Tatu City, a primeira cidade privada do leste da África, está crescendo e atraindo investimentos, mas enfrenta problemas com corrupção. O diretor da Rendeavour, Preston Mendenhall, denunciou tentativas de extorsão por políticos, incluindo um governador que exigiu terrenos avaliados em US$ 33 milhões. Mendenhall decidiu expor publicamente essas tentativas, organizando coletivas de imprensa para falar sobre a extorsão. Ele já enfrentou ações judiciais por difamação, mas acredita que essa abordagem é necessária. Apesar dos desafios, Tatu City continua a se desenvolver, com 25 mil pessoas vivendo ou trabalhando lá, e já conta com infraestrutura como supermercados, clínicas e escolas. A cidade é vista como um modelo de investimento na região, atraindo empresas que buscam um ambiente de negócios estável. Mendenhall se mantém otimista sobre o futuro do Quênia, acreditando que Nairóbi pode se tornar a capital econômica da África.
Tatu City, a primeira cidade privada do leste da África, enfrenta desafios com a corrupção política. O diretor da Rendeavour, Preston Mendenhall, denunciou tentativas de extorsão por políticos locais, incluindo um governador que exigiu terrenos avaliados em US$ 33 milhões.
Com 25 mil pessoas vivendo ou trabalhando em Tatu City, a área de 20 quilômetros quadrados atraiu mais de 100 empresas, como Heineken e Dormans. Os benefícios fiscais são um atrativo, mas a cidade também se tornou alvo de extorsão. Mendenhall relatou que um governador pediu terrenos em troca de licenças de construção.
Mendenhall optou por uma abordagem ousada ao expor publicamente as tentativas de extorsão. Ele organizou coletivas de imprensa para denunciar os políticos, afirmando que eles acreditam que investidores estrangeiros desistiriam do país. “Nós temos uma perspectiva de 50 anos”, disse Mendenhall, que já enfrentou quatro ações judiciais por difamação.

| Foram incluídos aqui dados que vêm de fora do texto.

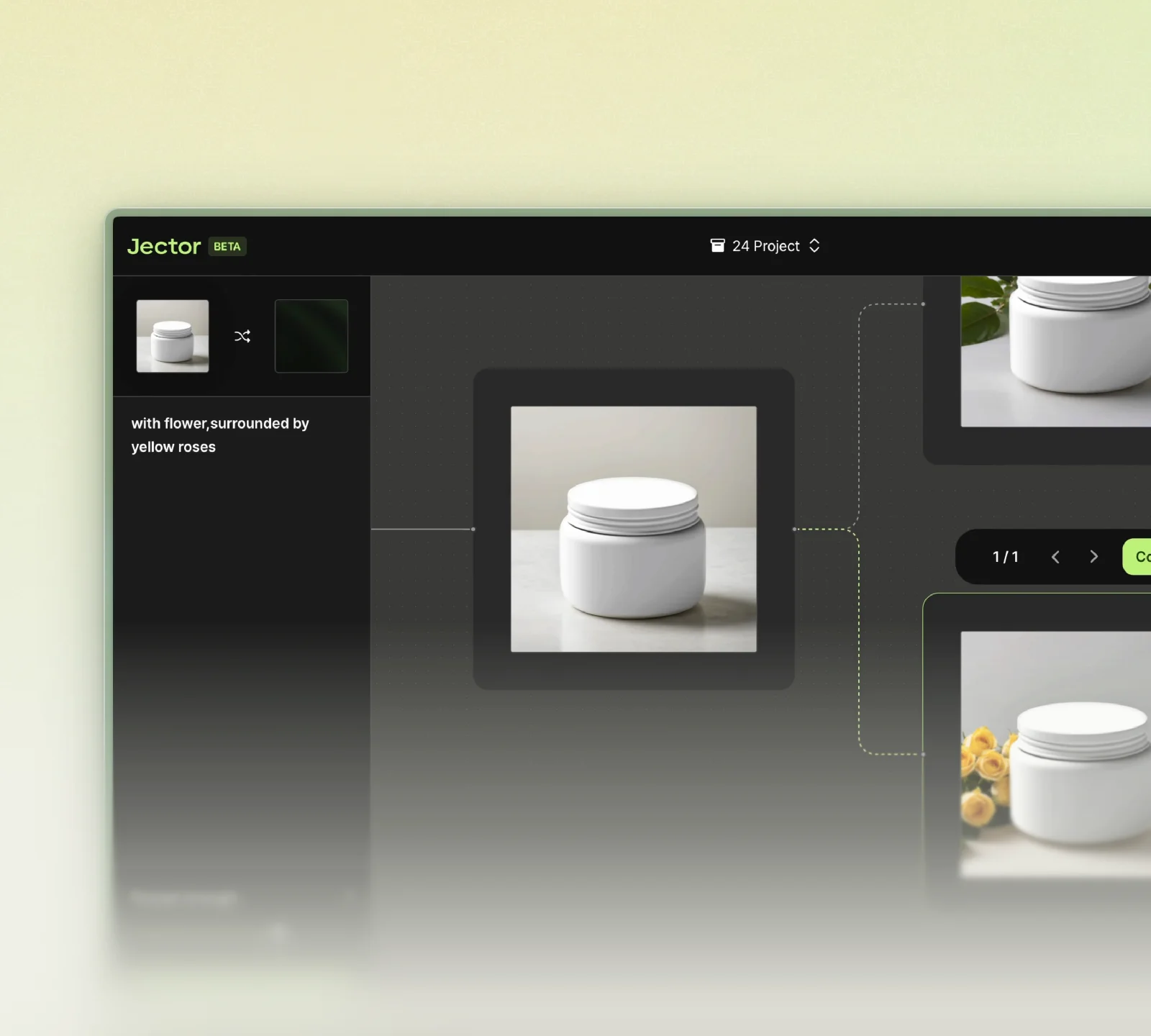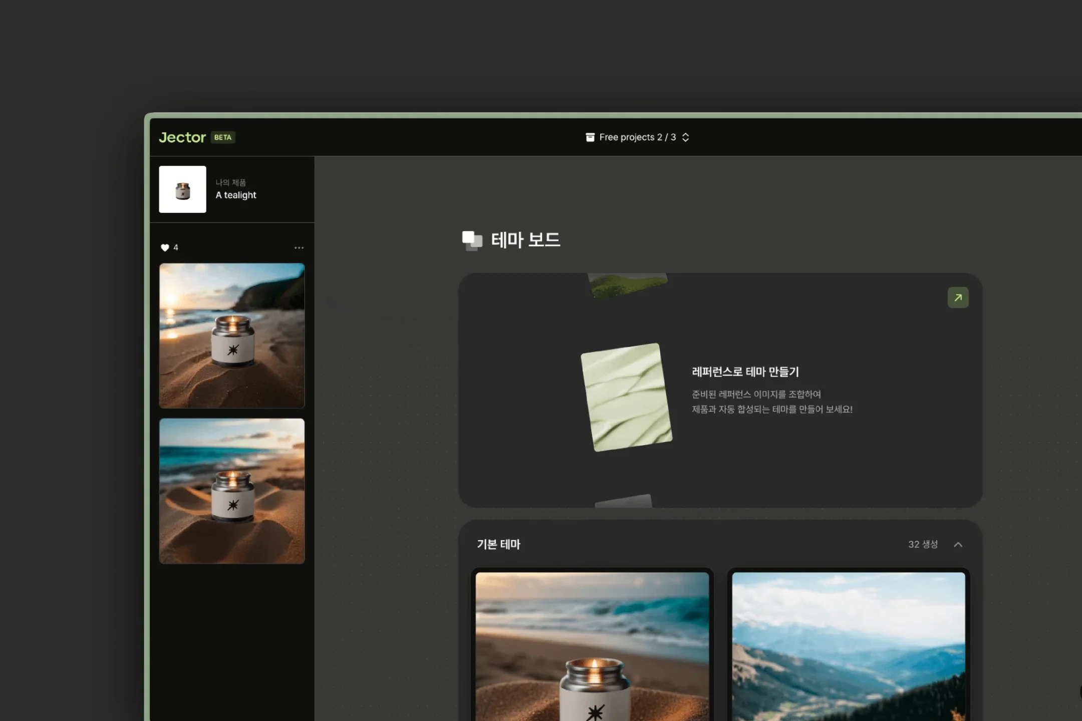 프롬프트 또는 레퍼런스 이미지를 통해 제품 배경으로 사용할 이미지를 생성할 수 있습니다.

Apesar dos desafios, Tatu City continua a se desenvolver. A cidade já possui um supermercado, uma clínica e duas escolas com 5 mil alunos. Há 2.400 casas construídas e 2.000 em construção, atraindo moradores pela infraestrutura de eletricidade e água. Empresas como Hewa Tele e Cold Solutions elogiam a qualidade das instalações.
Mendenhall reconhece que a corrupção no Quênia é um desafio, mas acredita no potencial econômico do país. “O Quênia é realmente um centro econômico na região”, afirmou. A Rendeavour, que também está construindo cidades em outros países africanos, vê um futuro promissor em Nairóbi, que pode se tornar a capital da África.